Now imagine a chat with 100+ messages. At ~500 tokens per exchange, that's over 2.5 million tokens burned - most of it just re-reading old history.

One developer tracked his usage and found that 98.5% of tokens were spent on re-reading the history. Only 1.5% went toward actually outputting the result.

Aniket Parihar's post on LinkedIn.

When a chat gets long → ask Claude to summarize everything → copy it → new chat → paste as first message.

3. Batch your questions into one message

Many people believe that splitting questions into separate messages leads to better results. Almost always, the opposite is true.

Three separate prompts = three context loads.

One prompt with three tasks = one context load.

You save tokens twice: fewer context reloads, and you stay further from hitting your limit.

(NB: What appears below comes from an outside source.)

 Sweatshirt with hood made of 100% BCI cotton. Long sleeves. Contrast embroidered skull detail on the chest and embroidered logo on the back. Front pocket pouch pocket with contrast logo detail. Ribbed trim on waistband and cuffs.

Instead of: “Summarize this article”

“Now list the main points”

“Now suggest a headline”

Write: “Summarize this article, list the main points, and suggest a headline.”

Bonus: the answers often turn out better because Claude immediately sees the full picture.

Three questions. One Prompt. Always!

4. Upload recurring files to Projects

If you upload the same PDF to multiple chats, Claude re-tokenizes that document every single time.

Use the Projects feature instead.

Upload your file once → it gets cached. Every new conversation inside that project references it without burning tokens again.

Cached project content doesn't eat into your usage when you access it repeatedly.

If you work with contracts, briefs, style guides, or any long docs - this alone could cut your token spend dramatically.

5. Set up Memory & User Preferences

Every new chat without saved context wastes 3–5 messages on setup: “I’m a marketer, I write in a casual style, I prefer short paragraphs…”

You've probably seen people start every prompt with "Act as a..." - that's tokens burned on repeat. Claude can remember this permanently.

Go to “Settings” → “Memory and User Settings.” Save your role, communication style, and settings once. Claude will automatically apply them to every new chat.

6. Turn off features you're not actively using

Web search, connectors, and “Explore” mode - all of these add tokens to every response, even if you don’t need them.

Writing your own content?

Turn off the “Search and Tools” feature.

The “Advanced Thinking” feature also consumes tokens. Keep it turned off by default. Only turn it on if your first attempt was unsatisfactory.

Rule: if you didn’t turn this feature on intentionally, turn it off.

7. Use Haiku for simple tasks

Grammar checking, brainstorming, formatting, quick translations, short answers - Haiku handles all of this at a much lower cost than Sonnet or Opus.

Choosing the right model is the most important decision you make every day.

Haiku for drafts and simple tasks → frees up 50–70% of your budget for tasks that truly require powerful models.

Mental model: Haiku → quick tasks, low cost

Sonnet → real work, medium cost

Opus → deep thinking, high cost

You don’t need powerful models for simple tasks!

8. Spread your work across the day

The Claude system uses a rolling 5-hour window. It does not reset at midnight - your limit gradually decreases. Messages sent at 9 a.m. will no longer count by 2 p.m.

If you use up your entire limit during a single morning session, most of your daily limit will remain unused.

Divide your day into 2–3 sessions: morning, afternoon, and evening. By the time you return, your previous usage is no longer counted, and you have a

new limit.

9. Work during off-peak hours

Starting March 26, 2026: Anthropic will now use up your 5-hour session limit more quickly during peak hours:

> 5:00 AM to 11:00 AM Pacific Time / 8:00 AM to 2:00 PM Eastern Time on weekdays.

Same query, same chat - but during peak hours, it impacts your limit more.